Cases where contracts that increased the valuation of corporations before listing were terminated immediately after listing have continued to occur. This situation arises when corporations fail to sufficiently verify their management and business risks during the listing process, resulting in losses that fall squarely on investors.
However, it has been found that if such issues occur prior to listing and the corporation's intent is not confirmed, there are no appropriate sanctions available. This issue is particularly prominent among bio corporations that went public through technical exceptions. Orum Therapeutics and IntoCell, which were listed on the KOSDAQ market in February and May this year, respectively, are representative examples.
◇ Does not take responsibility for pre-listing issues?… Only investor losses due to regulatory gaps
IntoCell, which entered the KOSDAQ market in May, saw its stock price soar to 52,400 won, three times the public offering price (17,000 won) after listing. IntoCell, a company developing an antibody-drug conjugate (ADC) platform, announced last October that it had signed a technology transfer agreement for the ADC platform "Nexatecan" with ABL Bio, a dual-antibody specialist, garnering significant interest from investors prior to listing.
However, on the 9th, the company abruptly announced that the technology transfer agreement was canceled. This was because it was revealed late that a Chinese company had already filed a patent with a structure similar to the technology platform.
Immediately after the related disclosure was made, the stock price plummeted. On the 30th, IntoCell's stock price closed at 26,900 won, which is half of its peak. The company stated that it confirmed the Chinese company's patent application belatedly after listing, but investors are expressing outrage at the fact that the company did not properly grasp even the global patents for its core technology.
The problem is that important contracts were terminated due to the company's poor market research, resulting in investor losses, but there are no means to sanction such actions.
Under the current system, even if a corporation passes preliminary inspection right up until listing, if important issues arise in management, it falls under grounds for "non-acknowledgment of effect" and the approval for listing can be revoked. INNOGRID, which failed to disclose a dispute involving its largest shareholder last year, had its listing canceled under this regulation.
However, once a company is listed, this regulation cannot be applied. It is possible to designate it for substantive review of listing qualifications and consider delisting, but this only applies if it is found that important matters were falsely reported or omitted in the documents submitted at the time of listing to protect investors. There must be confirmation that the company concealed such facts.
According to the exchange, whether a company intentionally omitted important information is determined by court precedents.

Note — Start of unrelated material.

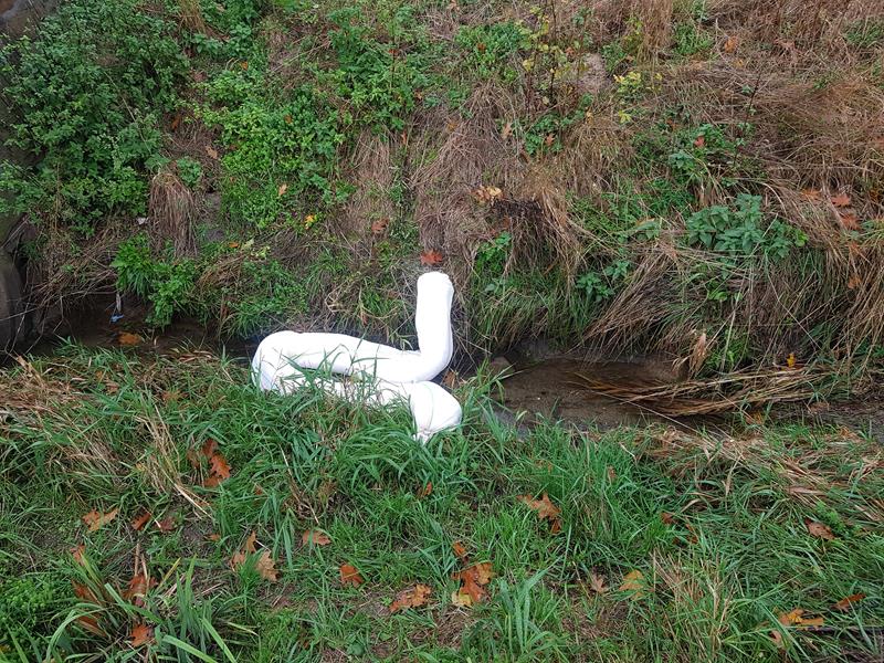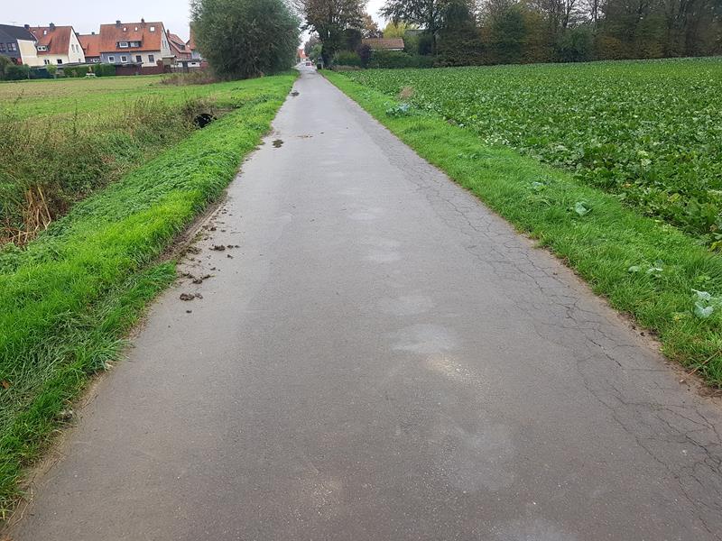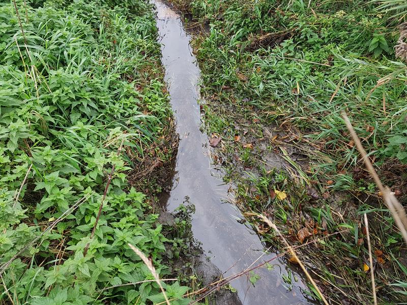 Die Verunreinigung auf dem Bach erstreckte sich beginnend auf Höhe des Freibades rund 300 Meter in Richtung Hauptstraße und verlief weiter auf den nach links fortlaufenden Grenzbach bis zu einer Überführung an einem weiteren Feldweg.
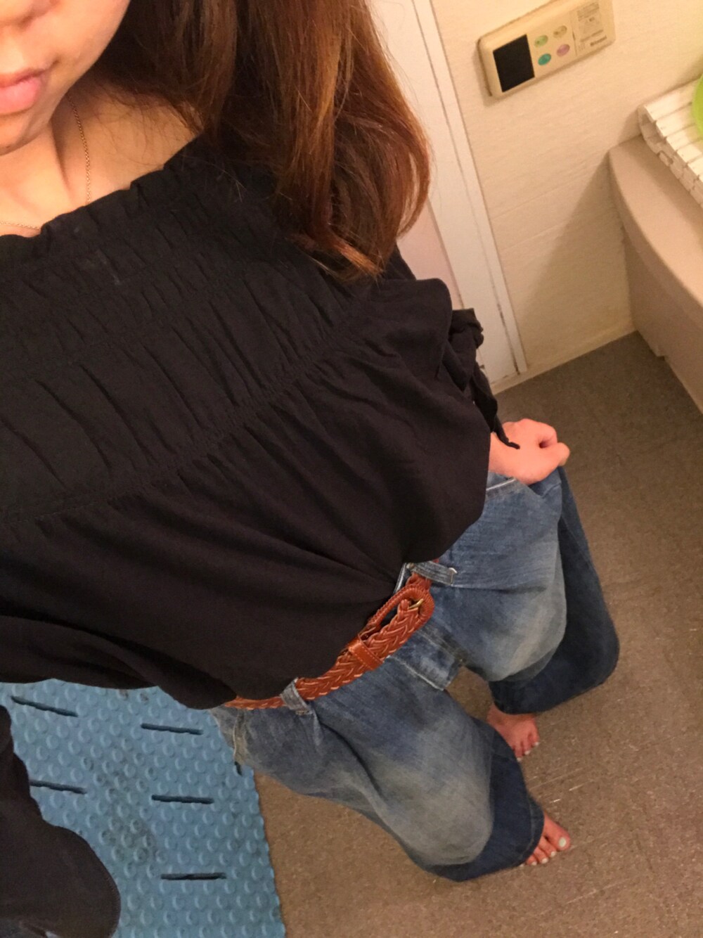 初オフショル。 肩上がってくるの厄介やけどかわいかったし買っちゃった(*´◒`*) 明日から仕事ふぁーいっ お風呂場でパシャり。ごめんね〜〜

If, based on various circumstances, it is judged that the company could reasonably have been aware, it is deemed intentional.
IntoCell explained, "The contract was signed within 18 months after the patent of the Chinese company was filed under non-disclosure guarantees, so it was impossible to confirm the patent application at the time." In such cases, it is very likely that the exchange will not recognize the company's intent.
Disclosure obligations arise the moment a company becomes a listed entity, making it impossible to sanction for non-compliance with disclosure. IntoCell explained in its disclosure announcing the contract termination, "We are a newly listed entity as of May 23, 2025, and this contract was signed on October 23, 2024, before disclosure obligations arose."
Orum Therapeutics, which went public in February, is a similar case. The stock price fell after it halted the clinical trials for its core pipeline drugs just two months after listing. As of the 30th, the stock price plunged by 48% from its peak.
Some investors speculate that the company may have been aware of issues in clinical trials prior to listing but postponed the decision to halt the trials until after the listing, though Orum Therapeutics has not faced any sanctions from the exchange. Both IntoCell and Orum Therapeutics are corporations that entered the KOSDAQ through technical exceptions.
In response, an official from Orum Therapeutics stated, "We have made efforts to transparently inform investors of clinical issues that arose during the listing process, and we have continued to work to resolve uncertainties through ongoing communication."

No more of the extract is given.